Prêmio Sakharov é entregue na ausência do dissidente Fariñas

BRUXELAS, 15 dez 2010 (AFP) -Uma cadeira vazia marcou nesta quarta-feira a ausência do dissidente cubano Guillermo Fariñas na entrega do Prêmio Sakharov 2010 no Parlamento Europeu, em Estrasburgo (França), já que ele não obteve permissão de Havana para sair da ilha.

"Esta cadeira vazia demonstra como este prêmio é necessário", declarou o presidente do Parlamento Europeu, Jerzy Buzek, na cerimônia de entrega da distinção.

No discurso enviado pelo vencedor do prêmio Sakharovao Parlamento Europeu, do qual a AFP obteve uma cópia, Fariñas, 48 anos, pede à União Europeia (UE) que não se deixe enganar pelo regime de "comunismo selvagem" cubano e mantenha a Posição Comum que exige o avanço nos direitos humanos a Havana.

"Minha maior esperança é que não se deixem enganar pelos cantos de sereia de um cruel regime de comunismo selvagem, cuja única aspiração é que a UE suspenda a Posição Comum, um documento que exige de Havana avanços em direitos humanos e democracia", escreveu Fariñas.

A mensagem foi enviada pelo dissidente ao Parlamento Europeu.

A chefe da diplomacia europeia, Catherine Ashton, lamentou novamente a ausência de Fariñas.

"Quero felicitar Fariñas em nome de todos aqueles que lutam em Cuba por mais liberdade e direitos humanos. Lamento que não tenha sido possível (a Fariñas) viajar a Estraburgo para receber o prêmio em pessoa", afirmou.

"A UE continuará abordando o tema dos direitos humanos e, neste contexto, saúdo a recente libertação de um determinado número de presos políticos e espero que este processo leve à libertação incondicional de todos eles", ressaltou.

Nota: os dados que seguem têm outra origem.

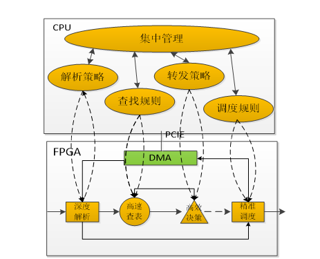 這些功能可以通過將一些確定處理規則通過硬件實現,來緩解軟件處理以及軟件與硬件數據通路的壓力,使得部分通用功能基于硬件處理控制,而復雜的任務在交由軟件處理,從而緩解系統的處理負載以及提高系統的處理效率,實現結構如圖2所示。
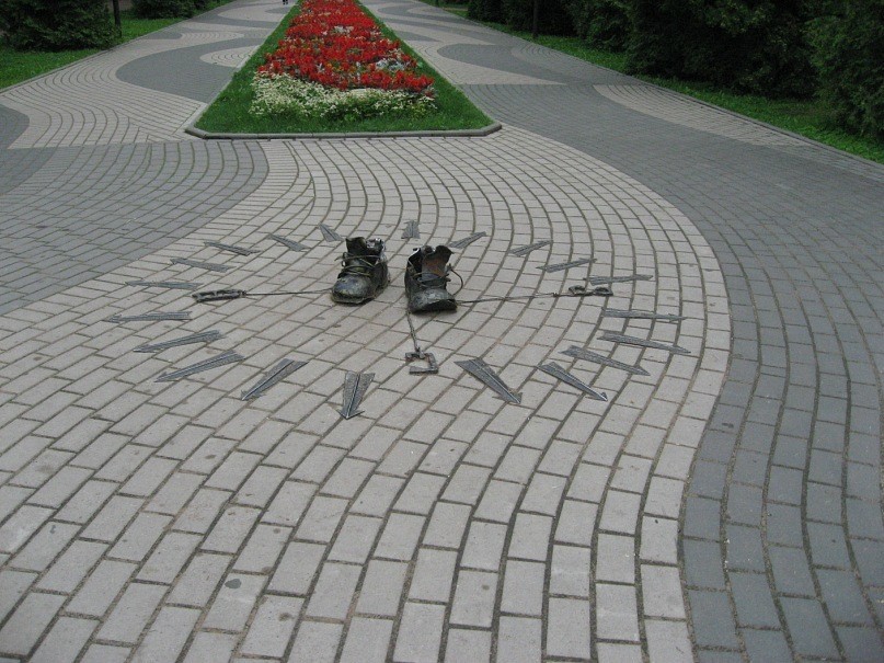 Вокруг ботинок расположены стрелки компаса, символизирующие, что любой житель или гость города на Неве может сам выбрать свой жизненный путь.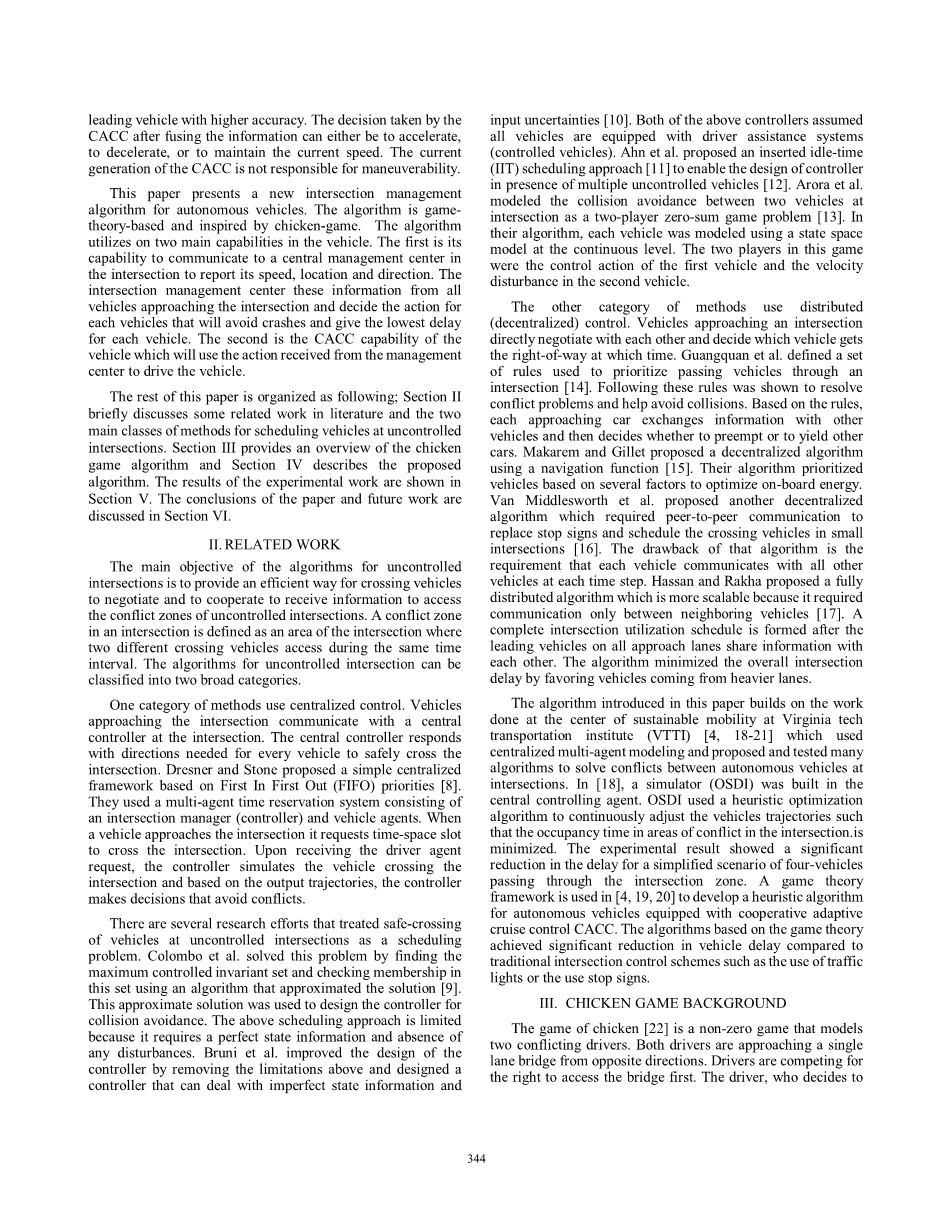 本文的其余部分组织如下:第二部分简要讨论了文献中的一些相关工作以及在不受控交叉点调度车辆的两种主要方法类型。第三节提供了鸡游戏算法的概述,第四节描述了所提出的算法。实验工作的结果见第五节。论文的结论和未来工作在第六节讨论。

Psicólogo e jornalista, o dissidente foi protagonista de 23 greves de fome, a pior delas este ano, durante 135 dias, pouco depois da morte, no dia 24 de fevereiro, de Orlando Zapata, que também protestava de forma semelhante.

Foi contemplado com o prêmio no dia 21 de outubro pelo Parlamento Europeu, que o concede anualmente em honra à liberdade de consciência.

Esta é a terceira vez que a Eurocâmara concede o prêmio Sakharov à dissidência cubana.

Depois de Oswaldo Payá em 2002, concedeu a láurea, três anos mais tarde, às Damas de Branco, esposas de presos políticos cubanos, que também não conseguiram viajar a Estrasburgo por falta de visto.